• _Work to complete_:
Below this line are records; transcribe exactly the lines between the one holding "Makeshift Elf Costume, a" and the one holding "Welkom op een", inclusive, and omit the pictures.

• _Data under study_:
Start of Block

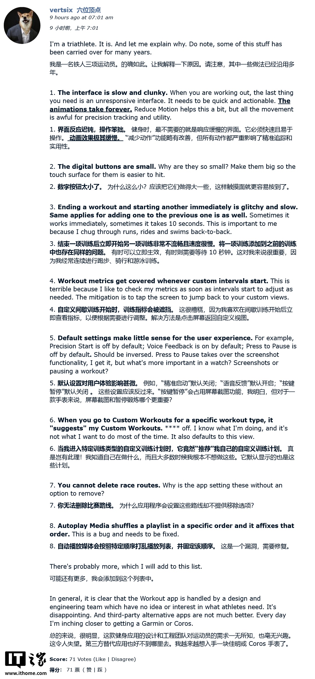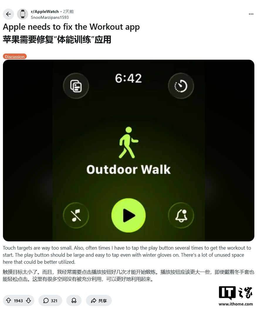该媒体调查后还发现用户的负面反馈集中在多个具体痛点上。首先是触摸目标过小,许多用户抱怨需要反复点击才能成功启动锻炼。这个问题在游泳等湿手场景下被急剧放大,多位游泳爱好者称,一旦入水或在运动中途,几乎不可能可靠地开始或切换训练。其次,新布局改变了目标设置、快速开始等常用功能的位置,严重破坏了老用户长年累月形成的“肌肉记忆”。
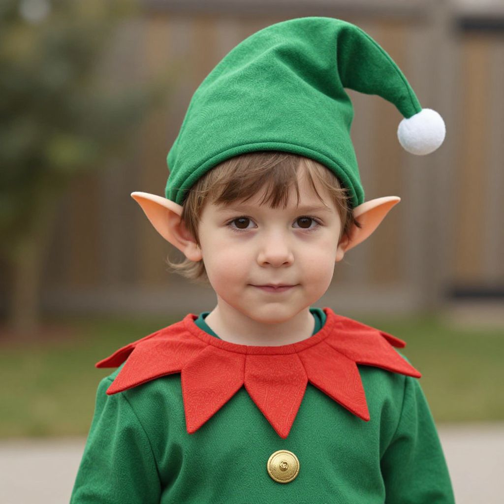 Makeshift Elf Costume, a close up of a child dressed in a costume and a hat
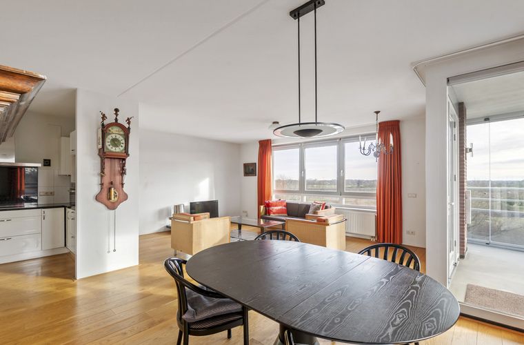 Welkom op een van de mooiste plekjes van Leerdam! Dit lichte en goed onderhouden hoekappartement is écht zo’n woning waar je binnenkomt en denkt: "ja... dit is ‘m". De woonkamer is lekker ruim en dankzij de vele ramen stroomt het daglicht volop naar binnen. En dan dat uitzicht… wijds, groen en altijd in beweging. Je kijkt uit over de Linge én richting de omliggende dorpen aan de zuidkant van Leerdam, boomgaarden én het (rijksmonumentaal beschermd) bos van kasteel Heukelum. Of je nu binnen zit of op het royale balkon met glazen schuifwanden, je geniet hier elke dag van het buitenleven.
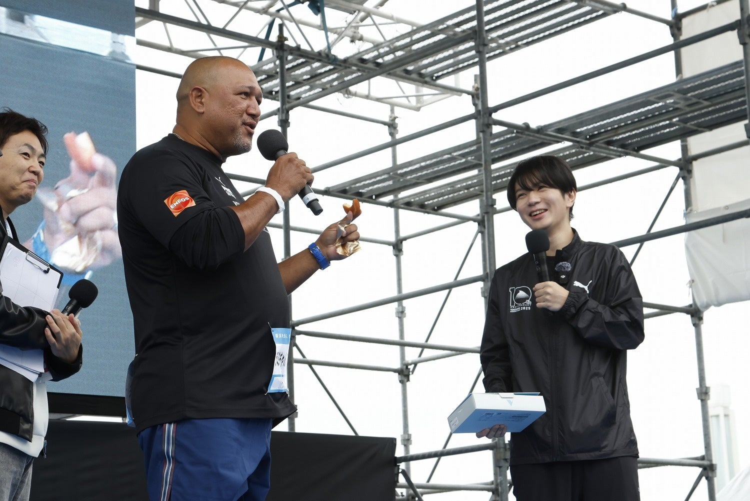 そして今回、横浜出身の髙橋優斗さんが代表取締役社長CEOを務める横浜バニラ株式会社のフラッグシップ商品「塩バニラフィナンシェ」が大会名物「ラッキー給食」に選出。さらに、「ラッキー給食総選挙」1位を獲得しました。髙橋さんは大の横浜DeNAベイスターズファンを公言しており、このたび、「ファンラン(ファミリー)」に出走した、アレックス・ラミレスさんとの対談が実現。ベイスターズ愛を熱弁するととともに、地元・横浜についても「原点であり、頂点であり、さらに高みへ持ってきたい、そんな街です」と力強く宣言しました。囲み取材では、「ラミレス監督が一緒に登壇してくださって、いろんなお話を温かい雰囲気の中でさせていただいて夢のようでしたし、不思議な感覚でした」と感動。
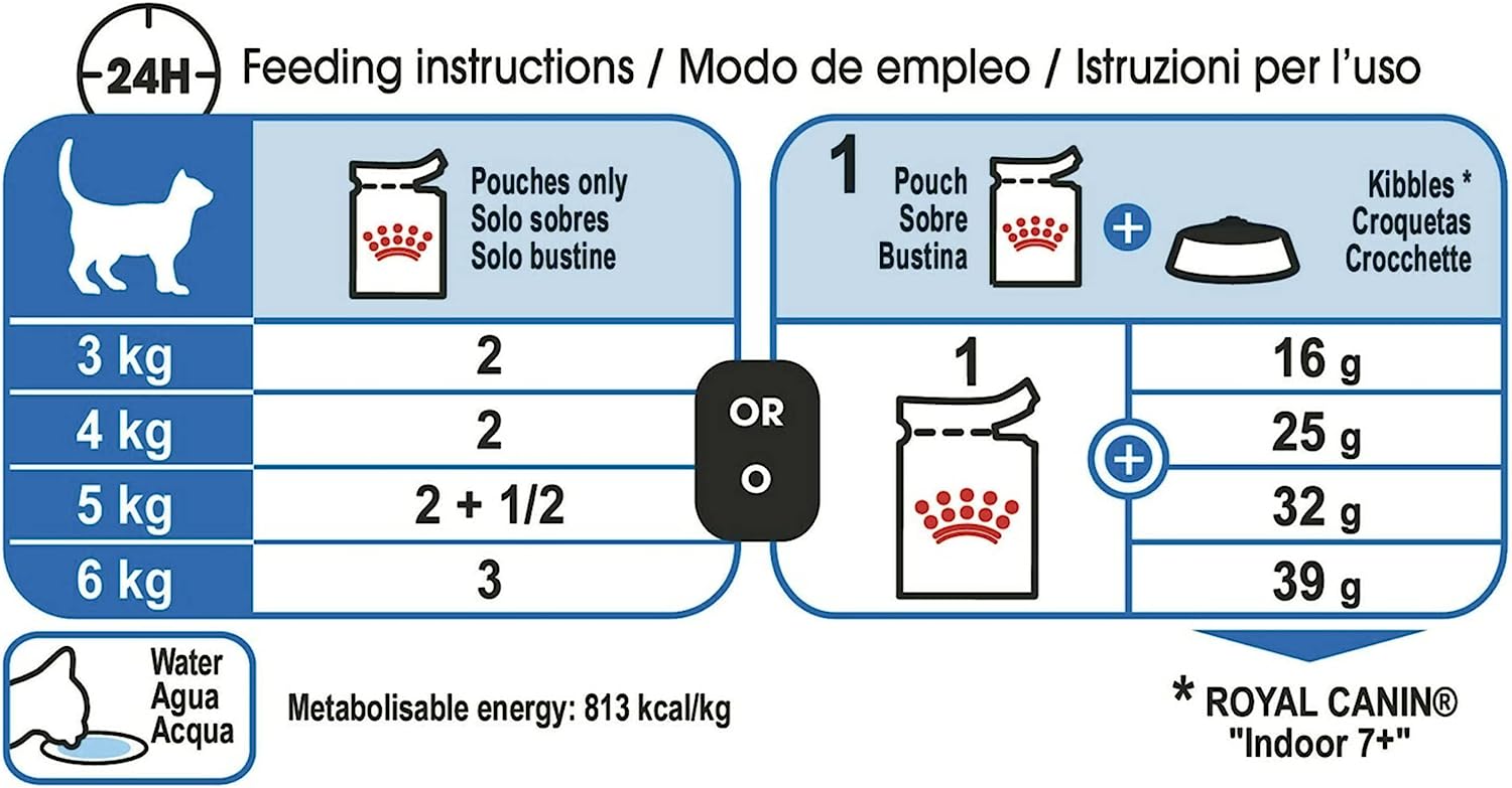 To cater to your cat's individual preferences, ROYAL CANIN® Indoor Sterilised in Jelly is also available in jelly or dry food with crunchy kibble. If you prefer mixed feeding, simply follow the feeding guidelines to ensure your cat receives a proper amount of both wet and dry food for optimal benefits.
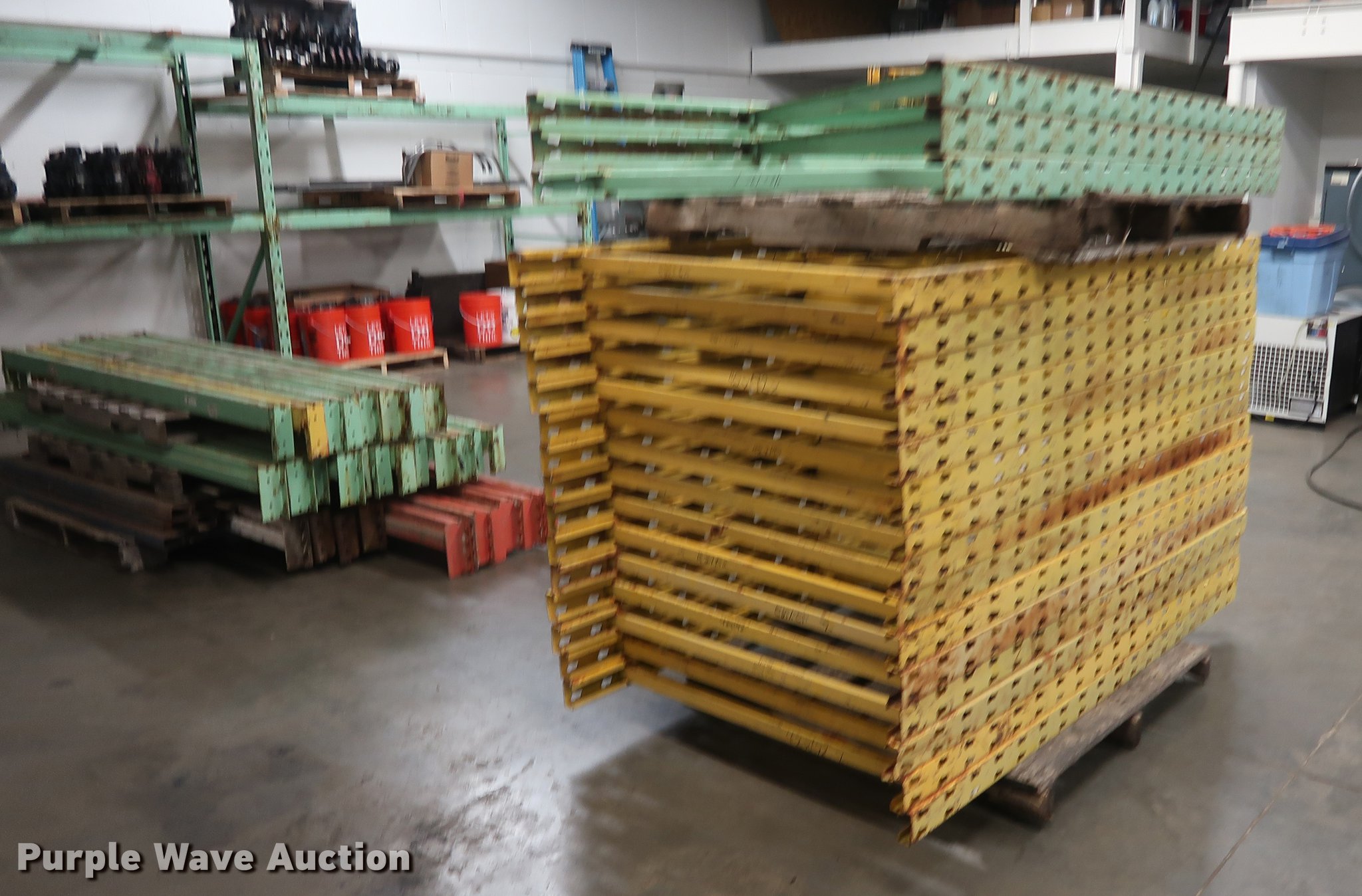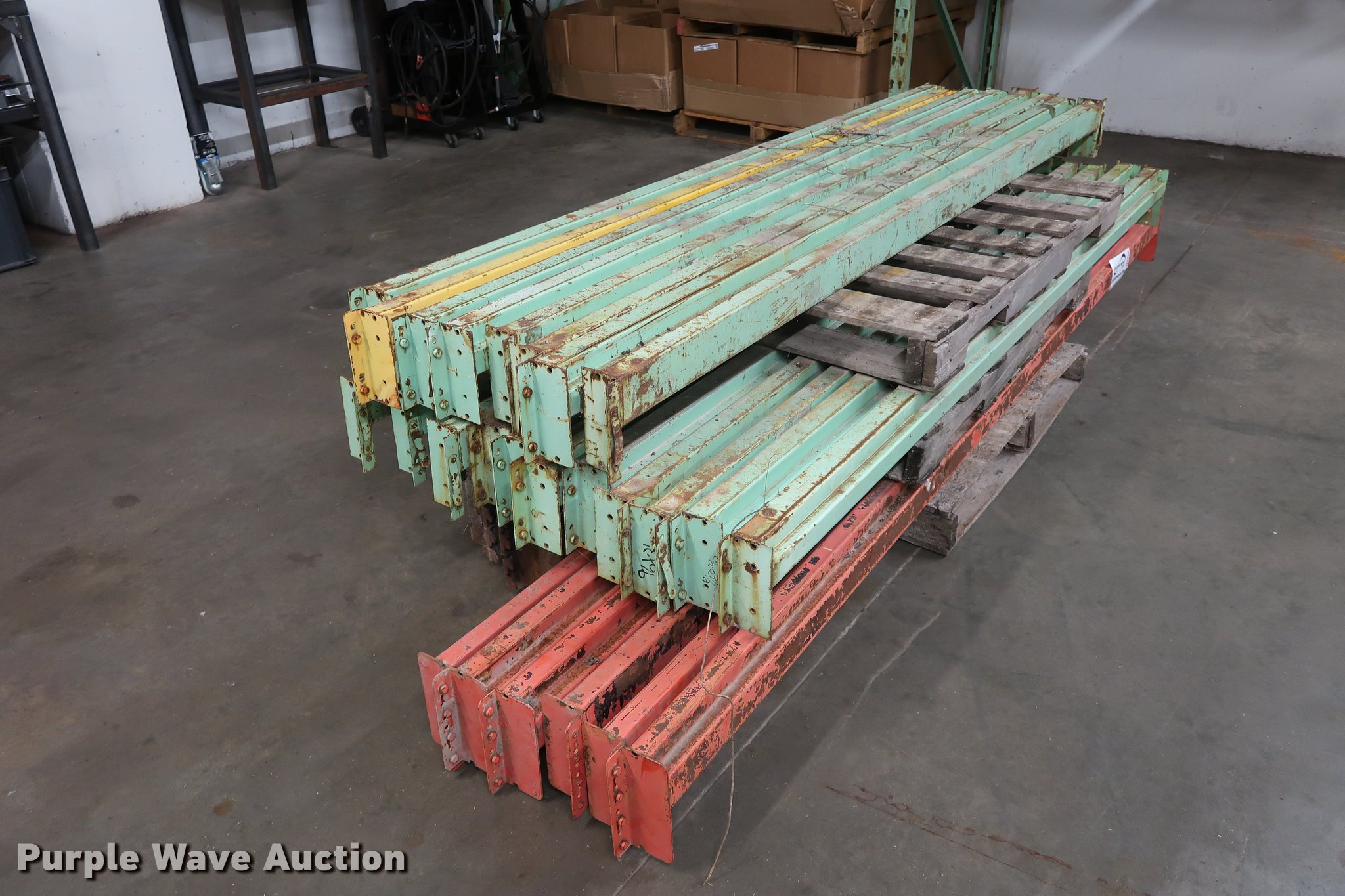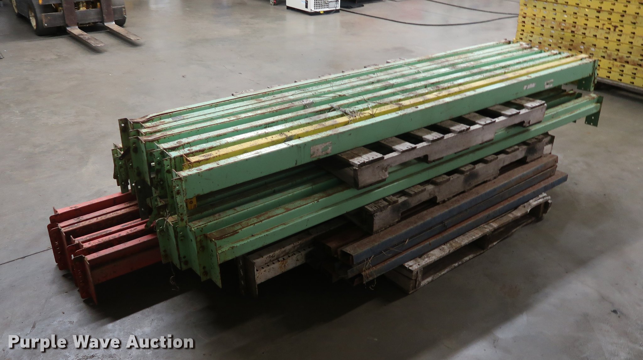 Purple Wave is selling a used Pallet Racking in Missouri. This item is a Pallet racking with the following: (18) uprights, 6'L x 42", (20) 8' crossbeams, (6) 10' crossbeams, (4) 7' crossbeams
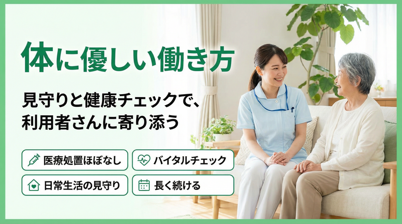 見守り・健康チェックが中心。体に負担のない訪問看護!
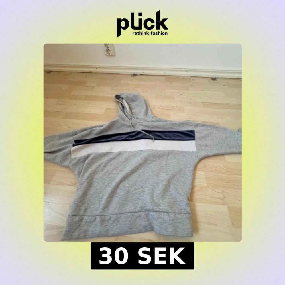 Säljer en bekväm grå hoodie från GapFit med en stilren design. Tröjan har en mörkblå och vit rand över bröstet och en praktisk huva. Perfekt för en avslappnad stil.
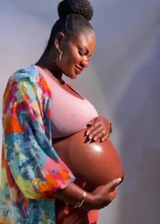 A woman in profile cradles her pregnant belly. She is wearing a pink top, peach shorts, and a colorful kimono-style robe. She has dark skin and a high bun hairstyle. Her hands rest on her oiled belly. The background is a simple off-white. Music is playing in the background.
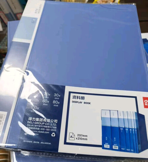 得力(deli)10只A4/60页资料册 商务考试文件夹合同资料档案收纳册活页插袋 办公学习文件保护蓝色PQ101-J60
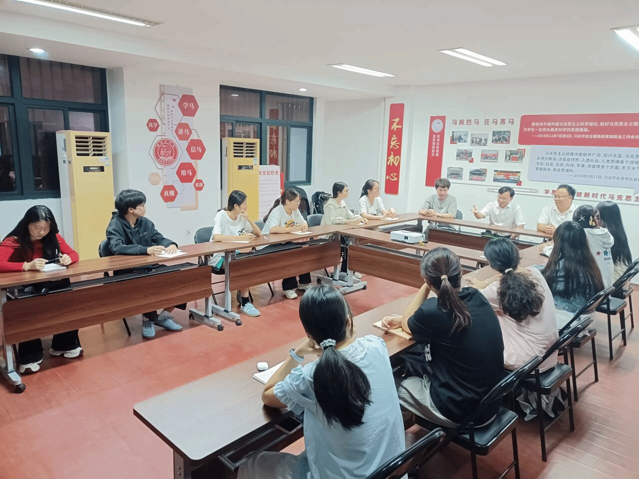 读书社指导老师对读书社上学年建设情况进行了总结评价,肯定了读书社上学年工作成效,并指出读书社存在的待提升改进的有关问题,并从强化思政引领、加强规范管理、注重骨干培训、深化品牌建设等方面提出读书社管理工作改进思路和措施。
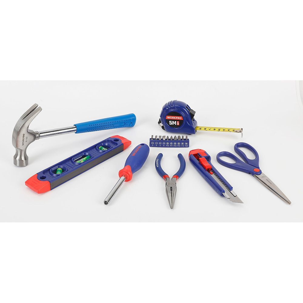Juego De Herramientas Compuesto Por 17 Piezas: Tijera 200 Mm, Cúter 18 Mm, Cinta Métrica De 5 M, Alicate De Punta Larga 160 Mm, Nivel Con 3 Burbujas Y Base Magnética 225 Mm, Martillo De Garra 340 G Y 10 Puntas

End of Block

• _Solution to the exercise_:
 Makeshift Elf Costume, a close up of a child dressed in a costume and a hat
 Welkom op een van de mooiste plekjes van Leerdam! Dit lichte en goed onderhouden hoekappartement is écht zo’n woning waar je binnenkomt en denkt: "ja... dit is ‘m". De woonkamer is lekker ruim en dankzij de vele ramen stroomt het daglicht volop naar binnen. En dan dat uitzicht… wijds, groen en altijd in beweging. Je kijkt uit over de Linge én richting de omliggende dorpen aan de zuidkant van Leerdam, boomgaarden én het (rijksmonumentaal beschermd) bos van kasteel Heukelum. Of je nu binnen zit of op het royale balkon met glazen schuifwanden, je geniet hier elke dag van het buitenleven.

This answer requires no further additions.